For more information on Integrate.io's native Hadoop HDFS connector, visit our Integration page.

Pig Tips

Load/Store Functions

Pig has some built-in load and storage functions for binary data, json, text files, and more. If they cannot handle your data, you will need to write your own functions. So even though Pig is supposed to save you from coding, some code may have to be written or at least copy-pasted from the web.

User Defined Functions (UDFs)

If Pig’s available functions are not enough, it also supports writing user defined functions (UDFs). In fact, the only way to handle collections, or bags as they are called in Pig Latin, is by writing UDFs. They can:

  1. Receive data as input and return data as output (load/store functions as discussed previously)

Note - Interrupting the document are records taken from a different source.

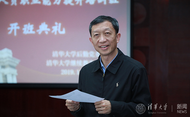 邱显清强调了后勤科级岗位的重要性,是后勤队伍和后勤工作的“钢结构”、“承重墙”,希望大家感受到身上的责任重大、使命光荣。他提到,开展科级岗位人员培训是党和国家对党员干部加强学习培训的要求,是学校职工队伍人事制度改革工作的需要,是后勤事业发展与队伍建设的需要。希望学员严格遵守学习纪律,积极投入时间精力,努力提升学习效果,不忘初心、牢记使命,以永不懈怠的精神状态和一往无前的奋斗姿态,勇于担当、积极进取,奋发有为、带好队伍,全面推动后勤事业改革发展,更好地服务人才培养、服务学校改革发展、服务师生员工生活。
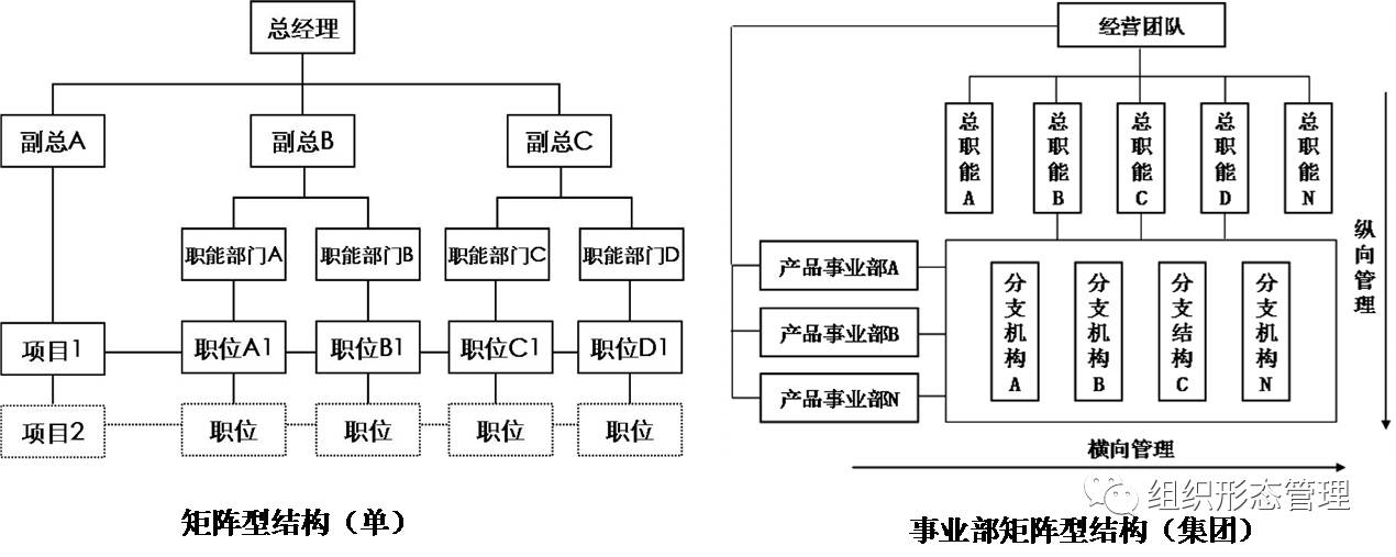 在中国企业转型过程中,直线职能型结构将转变为矩阵型结构,事业部型结构将转变为事业部矩阵型结构,这是传统企业转型的必由之路,所有摆脱传统“标签”的企业都已经采取了矩阵型结构,这在我以前的文章中有大量的介绍。
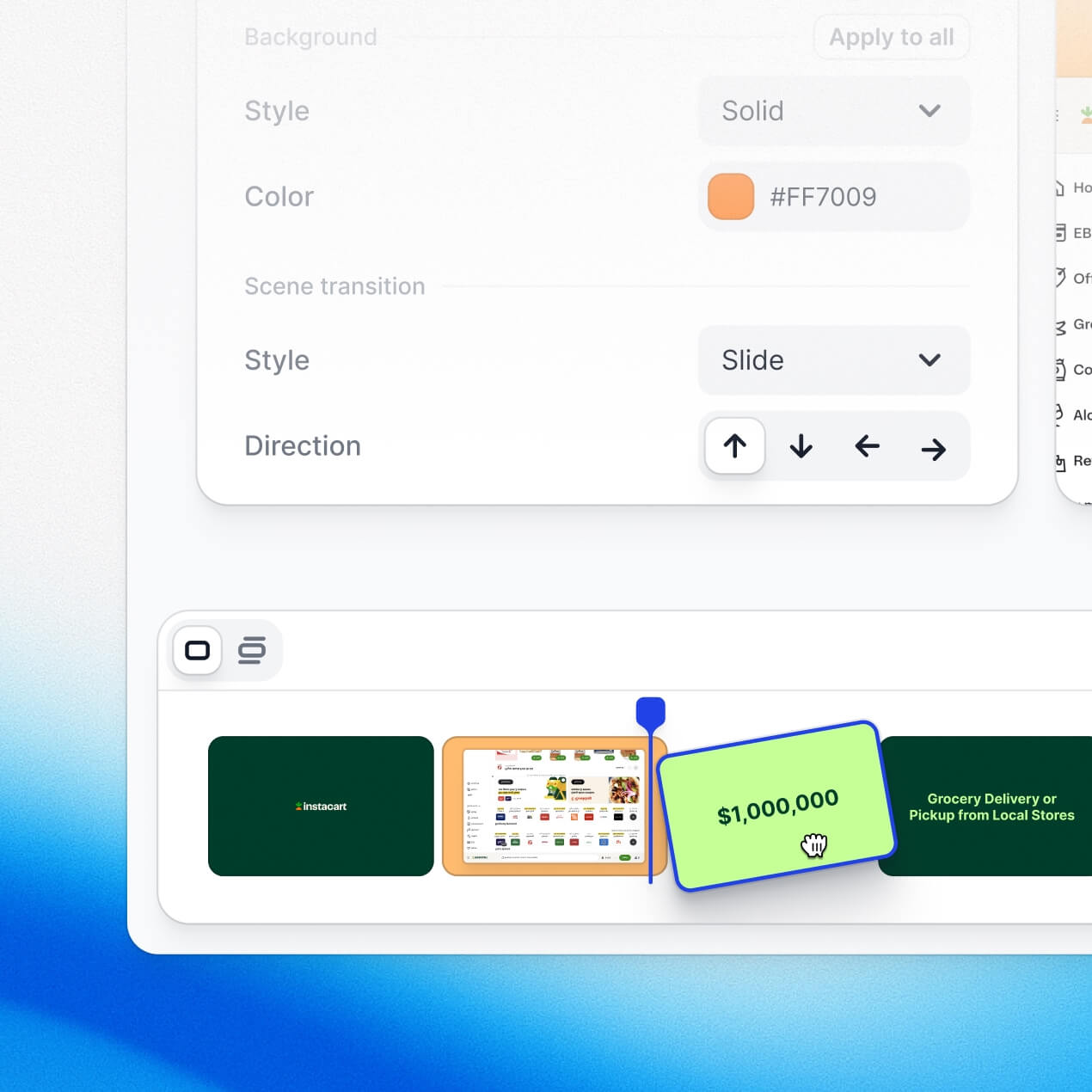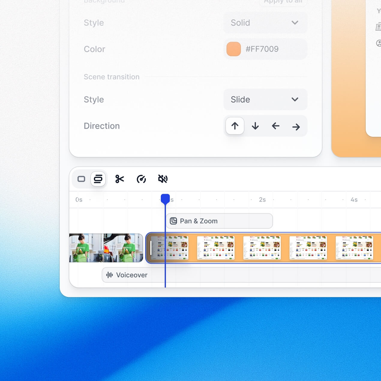 Trim, reorder, and adjust from a simple visual timeline. Swap a headline, shorten a clip, or update the voiceover. No video editing background required.
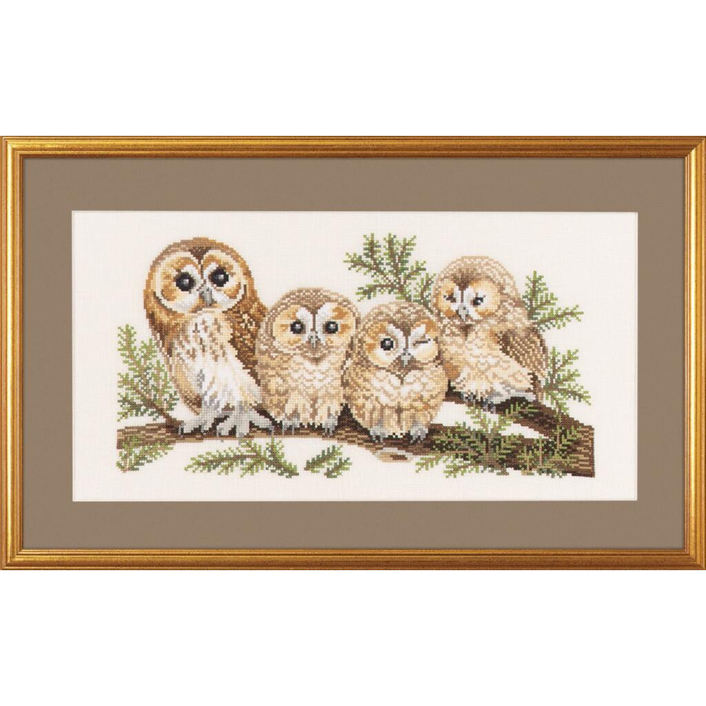 14-146 Eva Rosenstand Набір для вишивки рахунковим хрестиком - 4 сови 30х50 см, Льон 26 ct

  2. Receive parameters and return a single scalar value

  3. Receive a collection as input and return a collection or another value

UDFs have to be coded manually. The good news is that this can be done in several programming languages: Java, Jython, JavaScript, jRuby or Groovy. Pig’s latest version (0.12) supports streaming UDFs, so other scripting languages/engines can be used. Pick your favorite and code away.

Storing Intermediate Data

Pig can store the data at any point in the data flow, a feature which is really useful for development and debugging. Doing the same thing with Hive is difficult because it’s hard to dismantle an HQL query, not to mention the data would need to be saved in a temporary table.

Pipelining Data

Let's say the data needs to be processed externally as part of the ETL by a Bash script or a Python program. Pig can pipeline the data to an external application, wait until it is finished, receive the processed data and continue from there. It is also possible to pipeline the data from Pig to SQL, although it requires loading it to the relevant DB.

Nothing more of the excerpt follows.